ABSTRACT
Halogenated organic compounds serve as terminal electron acceptors for anaerobic respiration in a diverse range of microorganisms. Here, we report on the widespread distribution and diversity of reductive dehalogenase homologous (rdhA) genes in marine subsurface sediments. A total of 32 putative rdhA phylotypes were detected in sediments from the southeast Pacific off Peru, the eastern equatorial Pacific, the Juan de Fuca Ridge flank off Oregon, and the northwest Pacific off Japan, collected at a maximum depth of 358 m below the seafloor. In addition, significant dehalogenation activity involving 2,4,6-tribromophenol and trichloroethene was observed in sediment slurry from the Nankai Trough Forearc Basin. These results suggest that dehalorespiration is an important energy-yielding pathway in the subseafloor microbial ecosystem.

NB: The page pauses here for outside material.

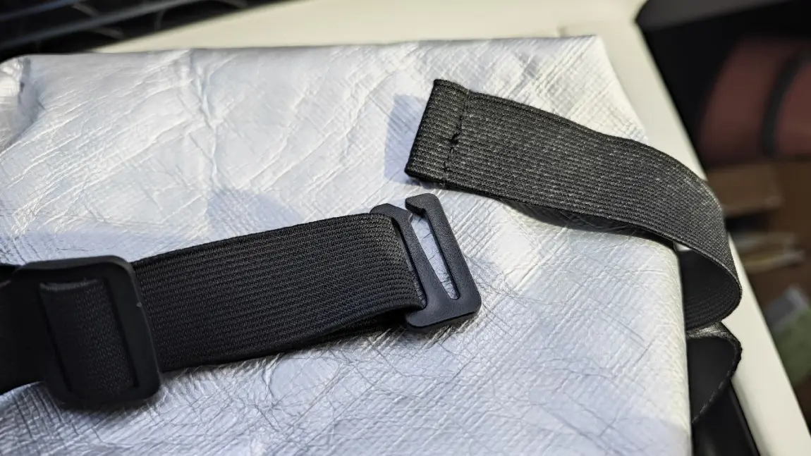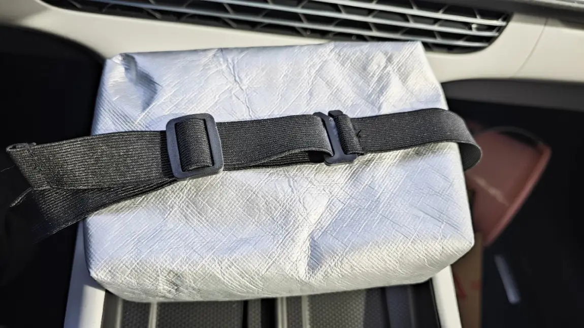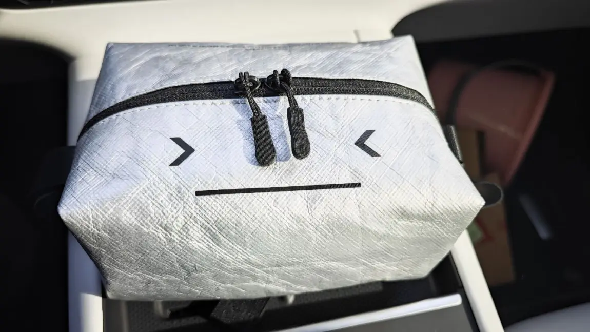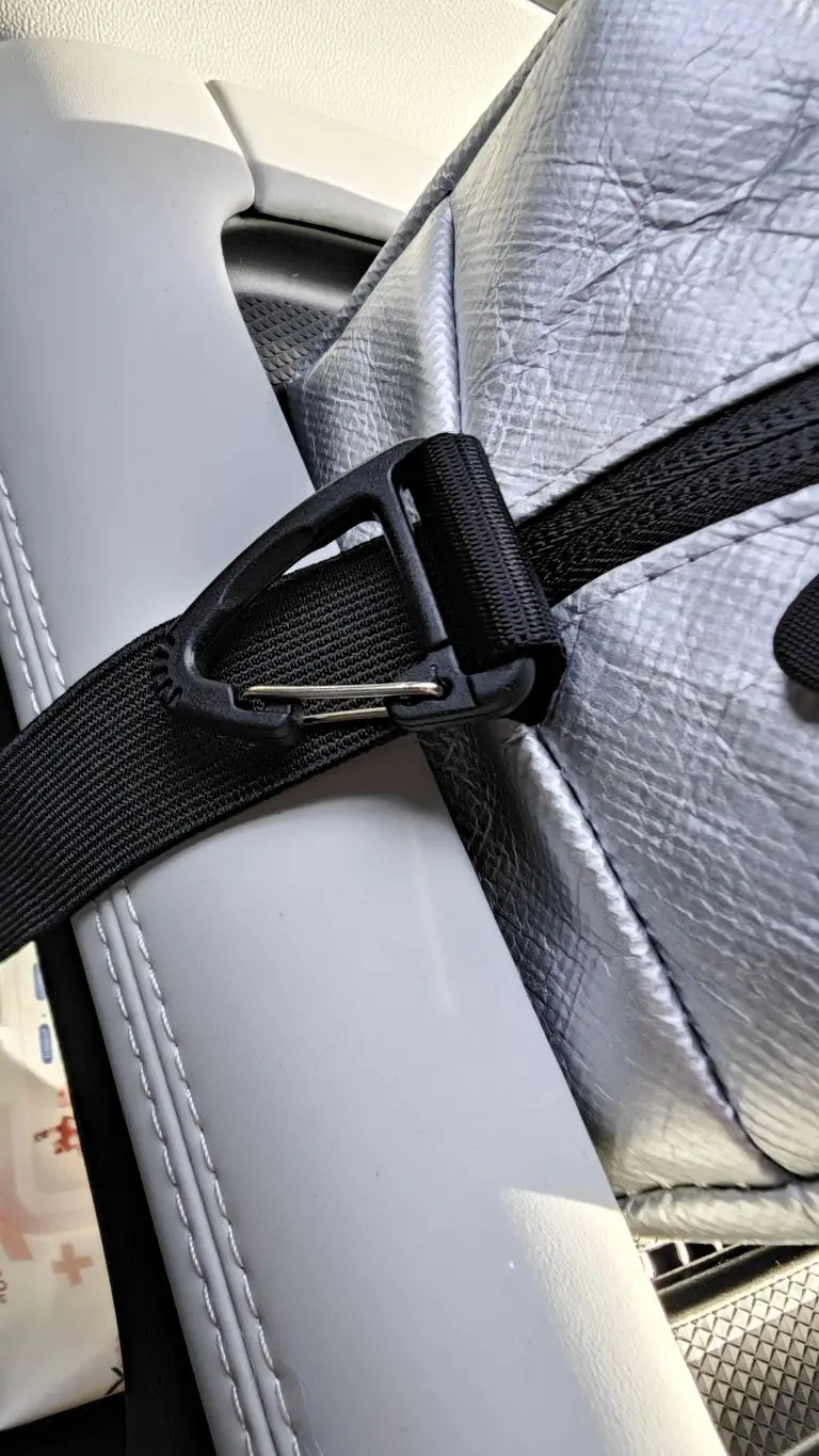 G6没有手套箱,少了一些储物空间,这款储物袋就很有必要了。向两侧对开的拉链,拉开抽纸盒般大小的储物空间,主要用途是放抽纸,放其他物品也是可以的。袋子一旁还有扣钩,可以挂一些雨伞等物品。整个袋子使用两段式的弹性绑带连接,绑带长度可以收放,中间有挂钩衔接。通过绑带挂在座椅头枕的下方,不影响座椅的使用。银色的外观加上可爱的图案,有些小可爱。比较实用,算不上精致。

Scientific ocean drilling explorations have revealed that marine subsurface sediments harbor remarkable numbers of microbial cells that account for approximately 1/10 to 1/3 of all living biota on Earth (20, 25, 33). Thermodynamic calculations of pore-water chemistry suggest that subseafloor microbial activities are generally supported by nutrient and energy supplies from the seawater and/or underlying basaltic aquifers (6, 7). Although sulfate, nitrate, Fe(III), Mn(IV), and bicarbonate are known to be potential electron acceptors for anaerobic microbial respiration in marine subsurface sediments (5), the incidence of both the dissimilatory dehalorespiration pathway and microbial activity in halogenated organic substrates remains largely unknown.
Previous molecular ecological studies using 16S rRNA gene sequences demonstrated that Chloroflexi is one of the most frequently detected phyla in subseafloor sediments of the Pacific Ocean margins (12-14). Some of the sequences within the Chloroflexi are closely related to sequences in the genus Dehalococcoides, which contains obligatory dehalorespiring bacteria that employ halogenated organic compounds as terminal electron acceptors (21, 29). The frequent detection of Dehalococcoides-related 16S rRNA genes from these environments implies the occurrence of dissimilatory dehalorespiration in marine subsurface sediments.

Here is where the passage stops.